It's clear that when you start with students who come from poverty, you face all kinds of detriments that affect achievement. In a school like Caroline, you may have third graders with middle school vocabularies and sixth-grade reading ability in the same room with third graders with post-toddler vocabularies and a rudimentary grasp of phonics.
If you give all those third graders the same pretest and posttest, you will find some with enormous growth and some with minimal growth. The third graders with enormous growth may attain that growth no matter who their teacher is, simply because their home life offers vocabulary growth, homework help, outside lessons, books in the home, and so on.

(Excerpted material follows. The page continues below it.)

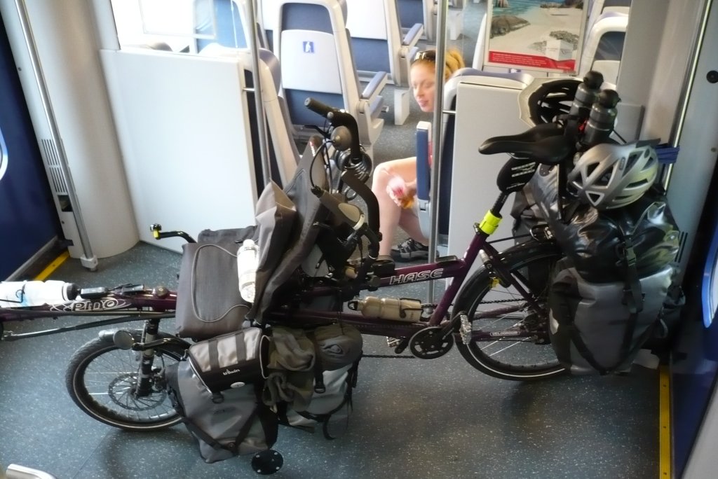 Ça rentre tout juste et les gens savent encore tourner autour. Il est fixé à l'arrière par des élastiques et cordelette au guidon, frein à main par collier belge.

The third graders with minimal growth may show little achievement no matter who their teacher is, simply because they don't eat before school, receive little guidance, lag in attendance, have chores that supersede schoolwork, and so on.
I won't say that a great teacher can't overcome some of the gaps. It's clear that some children achieve despite their rough starts, and that's usually due to teacher intervention. But to expect it every year for every child in every classroom is unrealistic.
Most schools around here have tried desperately to deal with the American promise to educate ALL children—they've implemented AIS programs, mentoring for teachers, even backpack weekend meals for children in poverty. All of those things cost money and take away from regular classroom teaching and learning.
But NYS wants to evaluate teachers, come hell or high water, and the governor wants to do it using a scale of 50% tests and 50% classroom observations. If I were a teacher being evaluated that way, I'd work hard at the start of the year to get all of my poor or low-achieving students classified and moved into 12-1-1 classrooms. I would teach to the test whenever possible, and I would ramp down on lesson plans that involved a lot of interaction and activity, lest my classroom look unmanageable when an administrator dropped in for an unannounced visit (by contract, usually at least half of the visits are announced ahead of time, allowing teachers to prepare themselves and their students, in a playacting version of the usual classroom atmosphere).
Be careful what you wish for, NYS. Yes, there are ineffective teachers, and effective administrators know who they are. Improve 3020a procedures and timelines to make it easier to get rid of them, or implement a tenure system that allows for regular review. The current plan has no chance of succeeding, and it has nothing whatsoever to do with improving teaching and learning.